During the game I noticed an interesting behaviour. I've seen it in other games as well (FU and SOTC to name a couple) but it really stood out in Lady Blackbird. I call it checklisting. It goes like this:
I lunge for the control panel to close it before the guards come through. So that's 1 die for taking an action, 1 die for athletic trait, 1 die for acrobatic tag, 1 die for sprinting tag, and 1 die for nimble... 5 dice!I get that this is how the rules work, but after a couple of times through the checklist it started to irk me for two reasons.
1. Players make tenuous links from the traits and tags to the action they're taking. In the example above you have to imagine that the race to the control panel was not only a sprint but also included leaps and tumbles.
2. There's no narrative, just a series of adjectives. The character doesn't make a dash for the door, leaping over a crate on the way, to lunge for the panel and hit the button in time. Instead, the character succeeds because they're athletic, acrobatic, a sprinter, and nimble. One of these options makes for entertaining fiction, and the other is shorthand.
I found myself denying the players the option to do this when I knew they could do it with more flavour and story.

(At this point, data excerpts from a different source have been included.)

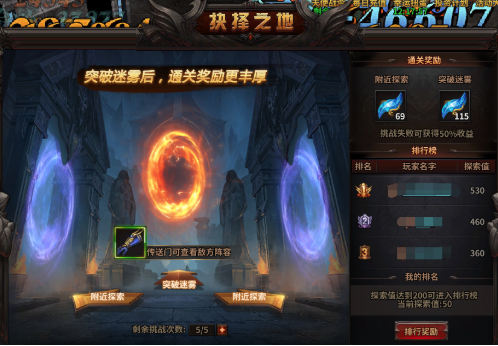 抉择之地包含“附近探索”和“突破迷雾”两种选择。前者可以进行探索,搜寻埋藏在空间深处的秘宝。而后者需要足够强大的实力,进入“突破迷雾”后,你需要面对众多异空间生物,挑战成功即可获得丰厚奖励。但若是挑战失败,则收益会受到一定损失。与此同时,每一个进入抉择之地的勇士,它所获得的探索值,将按照高低值进入排行榜,排名越靠前,奖励越丰厚。
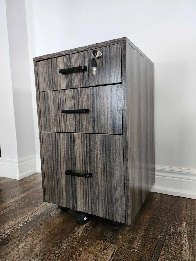 This new three drawer rolling file cabinet is perfect for any office! It's in great condition and features a lock on the top drawer to keep your important documents safe and secure. It has three drawers for ample storage and rolling casters for easy mobility. The top drawer has a lock for security. Let me know if you're interested!
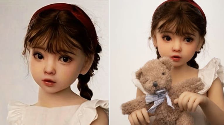 Las imágenes mostraban muñecas de 80 cm con rostros y cuerpos que imitaban a nenas, incluso con detalles como osos de peluche en los brazos.
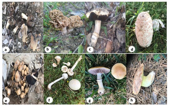 General view of all mushrooms collected: (a) Helvella leucopus, (b) Morchella esculenta, (c) Agaricus bitorquis, (d) Coprinus comatus, (e) Coprinellus micaceus, (f) Agrocybe dura, (g) Psilocybe coronilla, (h) Suillus collinitus.
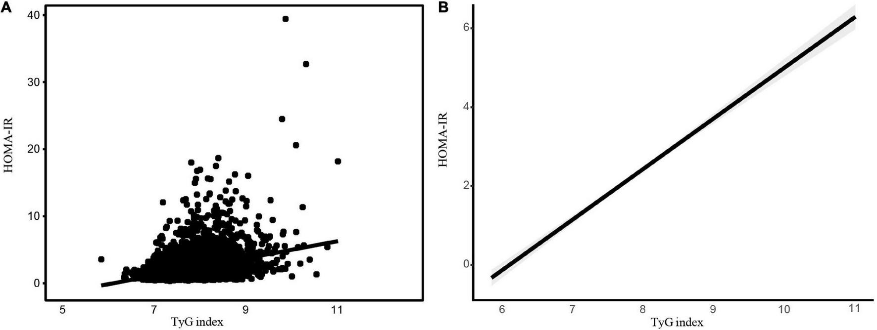 The association between the TyG index and HOMA-IR. The association between the TyG index and HOMA-IR. (A) Each black point represents a sample. (B) A solid black line represents the smooth curve fit between variables. The gray area represents the 95% of confidence interval (CI) from the fit. Abbreviations: TyG, Triglyceride-glucose; HOMA-IR, homeostasis model assessment-insulin resistance.

Some of the players in the group didn't want that experience so I let it slide for them, but for the players who like the loosey goosey aspects of story games I insisted on it. They had to tell me about the sprint, about the leap, about the tumble, and about the moment they nimbly slipped between sometime in order to achieve the shortest path to the control panel.
As it happens, this kind of play style can be hard work after the first couple of times. It's easier to just checklist the thing, roll the dice, and play after the result. Maybe it's just me, but I like even just a sentence or two that connects the dice with the story. I want the dice to help the players to create the story and tell it verbally rather than leaving the details to the imagination.
So how about your game table? How do you connect the dice to way the story is told?